BRITISH SINGING STAR AMY WINEHOUSE PASSES AWAY AT 27: It really hurt to learn that Amy Winehouse, the beehived soul-jazz diva whose self-destructive habits overshadowed a distinctive musical talent, was found dead last Saturday in her London home. What’s more, she was only 27 years old.

I’m sure you recall that Winehouse was propelled to fame with her hit album “Back to Black,” whose blend of jazz, soul, rock and classic pop was a global hit.

How hot was it?

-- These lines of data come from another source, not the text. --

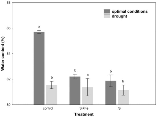 The water content measurements performed for oilseed rape plants growing under optimal and drought conditions showed that silicon (Si) and silicon with iron (Si + Fe) significantly reduced leaf water content of plants growing under optimal conditions compared to control plants (Figure 2).
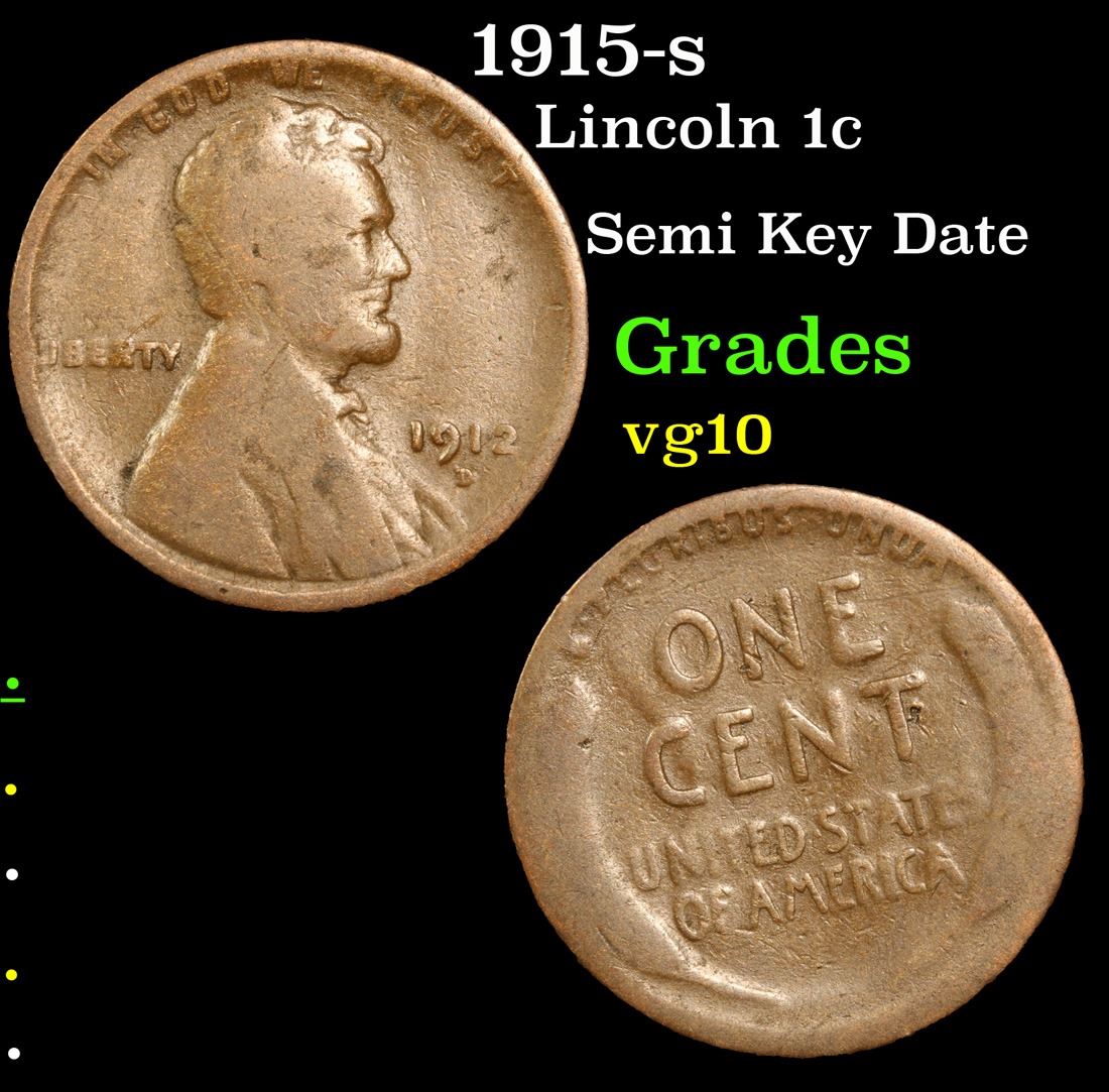 1915-s Semi Key Date . Lincoln Cent 1c Grades vg+.
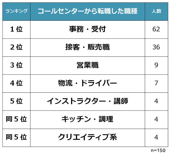 コールセンターから転職した仕事1位は「事務・受付」
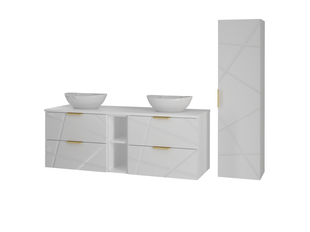 Je vybavená zlatými kovovými úchytkami, ktoré pridávajú luxusný nádych. Skrinka do kúpeľne je dostupná v dvoch variantoch: s doskou a s umývadlami na dosku.
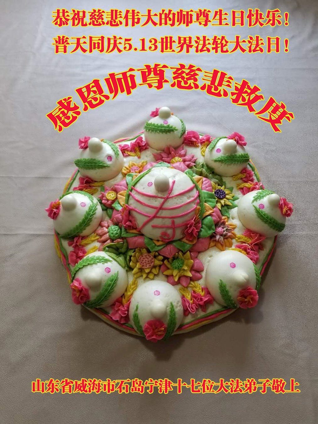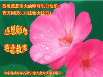 山東省威海市石島寧津夫妻大法弟子恭祝慈悲偉大的師尊生日快樂!普天同祝5.13世界法輪大法日!
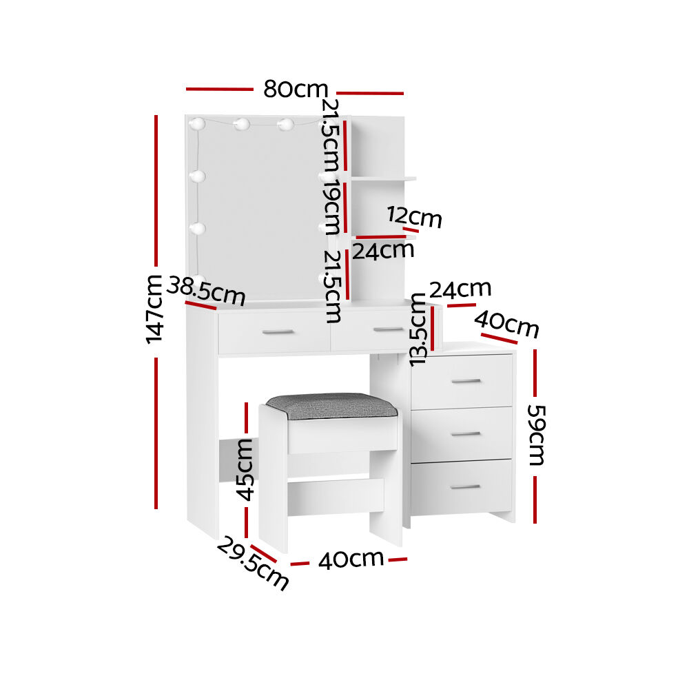 $191.57Feel like a star straight out of Hollywood with the Artiss Dale Dressing Table. Packed with generous storage and other convenient features, your new beauty routine will be a breeze. Made from quality particleboard with a white melamine finish, the table is built to last. The Hollywood-style makeup mirror is surrounded by bright LEDs for the perfect illumination. Choose from warm, neutral and daylight white light so you can always look stage-ready. The adjustable side chest features open shelves that you can use to display trinkets or beauty products. Five generous storage drawers give you instant access to your beauty essentials. A foam-padded PU leather stool allows you to sit in comfort while applying make-up or skincare and can be neatly tucked away when not in use. Easy to install and even easier to maintain, you'll love getting ready for the day in front of your new Artiss Dale Dressing Table.
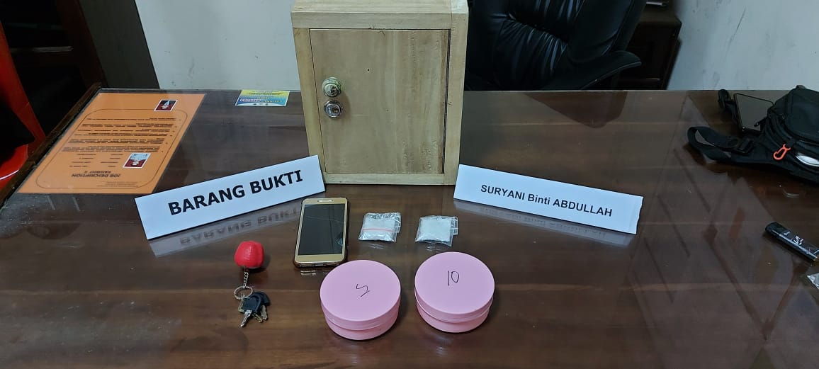 Pada Pkl 02.00 Wita Tim berhasil melakukan penangkapan terhadap perempuan yang berinisial S yang sedang berada didalam kamar Kostnya dan melakukan penggeledahan yang disaksikan oleh masyarakat setempat, dari hasil penggeledahan Tim berhasil menemukan barang bukti (BB) Narkotika sebannyak 2 (dua) Paket/sashet dengan berat Brutto 21,38 gram serta beberapa Barang Bukti yang ada kaitannya dengan peredaran gelap Narkotika Jenis Shabu.

Well, it won five Grammys and made Winehouse, with her black beehive hairdo and old-fashioned sailor tattoos, one of music’s biggest and most recognizable stars.

Police confirmed that a 27-year-old female was pronounced dead at a home in Camden Square in northern London. The cause of death was not immediately known. London Ambulance Services said Winehouse had died before its two ambulance crews arrived at the scene.

“I didn’t go out looking to be famous,” Winehouse told the Associated Press when “Back to Black” was released. “I’m just a musician.”

But in the end, the music was overshadowed by fame and Winehouse’s demons. Tabloids lapped up her erratic stage appearances, drunken fights and her stints in hospitals and rehab clinics. What’s more, many of her performances became unfortunate, stumbling train wrecks that were watched around the world via the Internet. However, despite her many negative incidents, I still say that Amy Winehouse was a very gifted singer and performer.

May she rest in eternal peace.

Wishing you, your family and friends a great week ahead.